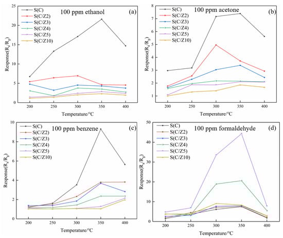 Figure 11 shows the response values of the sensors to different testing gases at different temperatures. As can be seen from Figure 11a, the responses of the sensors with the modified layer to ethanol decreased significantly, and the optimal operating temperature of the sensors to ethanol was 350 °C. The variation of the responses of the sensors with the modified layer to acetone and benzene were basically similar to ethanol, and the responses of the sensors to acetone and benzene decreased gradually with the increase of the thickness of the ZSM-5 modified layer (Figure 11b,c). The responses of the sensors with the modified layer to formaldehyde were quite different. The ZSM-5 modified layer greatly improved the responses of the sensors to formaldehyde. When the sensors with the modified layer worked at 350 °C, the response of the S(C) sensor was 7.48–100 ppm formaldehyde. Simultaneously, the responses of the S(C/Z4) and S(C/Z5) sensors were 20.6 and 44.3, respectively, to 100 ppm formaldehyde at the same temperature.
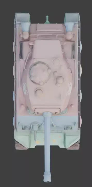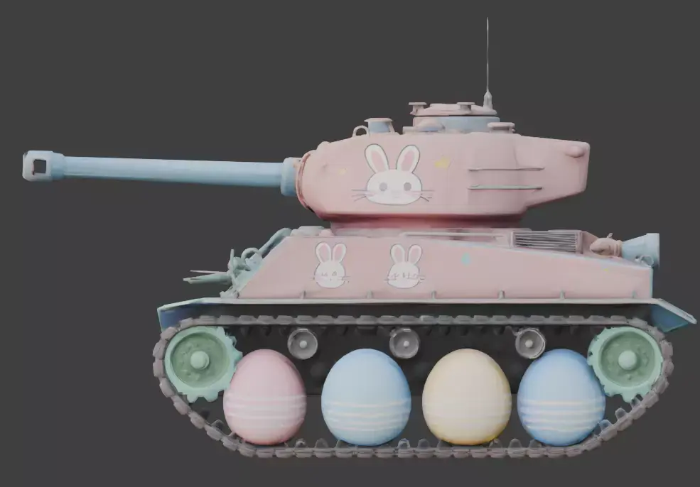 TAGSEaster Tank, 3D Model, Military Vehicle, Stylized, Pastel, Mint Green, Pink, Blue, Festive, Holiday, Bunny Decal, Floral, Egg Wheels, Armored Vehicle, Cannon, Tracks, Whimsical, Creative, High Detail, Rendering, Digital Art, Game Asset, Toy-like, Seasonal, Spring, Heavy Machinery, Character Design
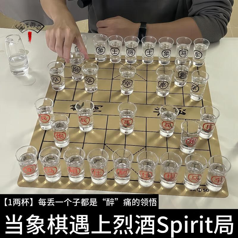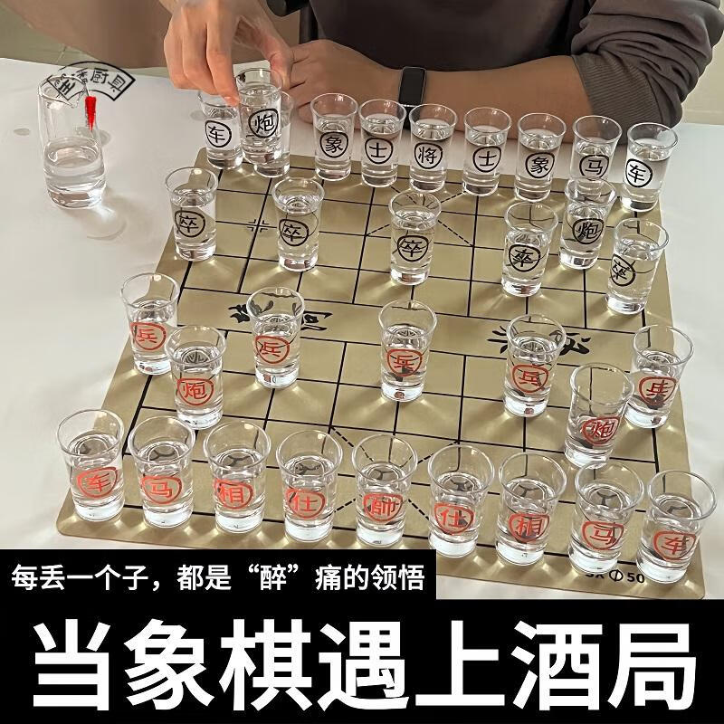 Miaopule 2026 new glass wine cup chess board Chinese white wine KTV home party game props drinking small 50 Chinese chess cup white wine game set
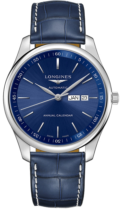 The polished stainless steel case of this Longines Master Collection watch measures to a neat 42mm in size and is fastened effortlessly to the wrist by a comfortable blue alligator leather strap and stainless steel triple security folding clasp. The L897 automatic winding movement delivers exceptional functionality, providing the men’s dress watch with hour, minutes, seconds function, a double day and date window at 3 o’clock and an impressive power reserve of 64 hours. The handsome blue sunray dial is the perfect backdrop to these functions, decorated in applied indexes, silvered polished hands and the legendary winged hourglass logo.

--

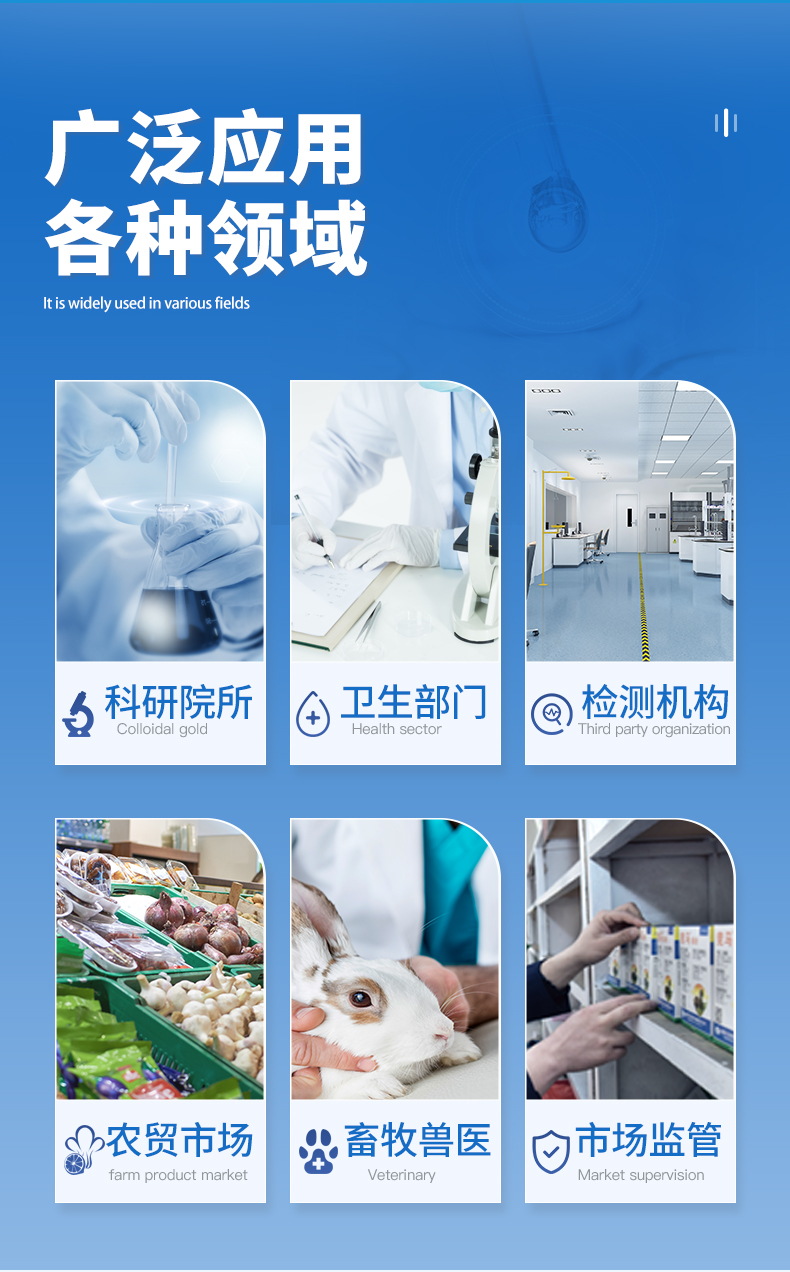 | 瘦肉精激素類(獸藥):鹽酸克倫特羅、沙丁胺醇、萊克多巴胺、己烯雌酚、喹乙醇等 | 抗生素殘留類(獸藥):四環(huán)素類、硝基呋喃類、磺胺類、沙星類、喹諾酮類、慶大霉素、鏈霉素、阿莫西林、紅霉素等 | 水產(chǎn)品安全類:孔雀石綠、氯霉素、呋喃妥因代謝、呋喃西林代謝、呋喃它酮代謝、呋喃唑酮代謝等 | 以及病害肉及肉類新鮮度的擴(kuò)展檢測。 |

**Description of the task:**
Copy the listing above exactly, but only from the line with "Miaopule 2026 new" through the line with "The polished stainless", including those two lines and excluding any picture.

**Answer box:**
 Miaopule 2026 new glass wine cup chess board Chinese white wine KTV home party game props drinking small 50 Chinese chess cup white wine game set
 The polished stainless steel case of this Longines Master Collection watch measures to a neat 42mm in size and is fastened effortlessly to the wrist by a comfortable blue alligator leather strap and stainless steel triple security folding clasp. The L897 automatic winding movement delivers exceptional functionality, providing the men’s dress watch with hour, minutes, seconds function, a double day and date window at 3 o’clock and an impressive power reserve of 64 hours. The handsome blue sunray dial is the perfect backdrop to these functions, decorated in applied indexes, silvered polished hands and the legendary winged hourglass logo.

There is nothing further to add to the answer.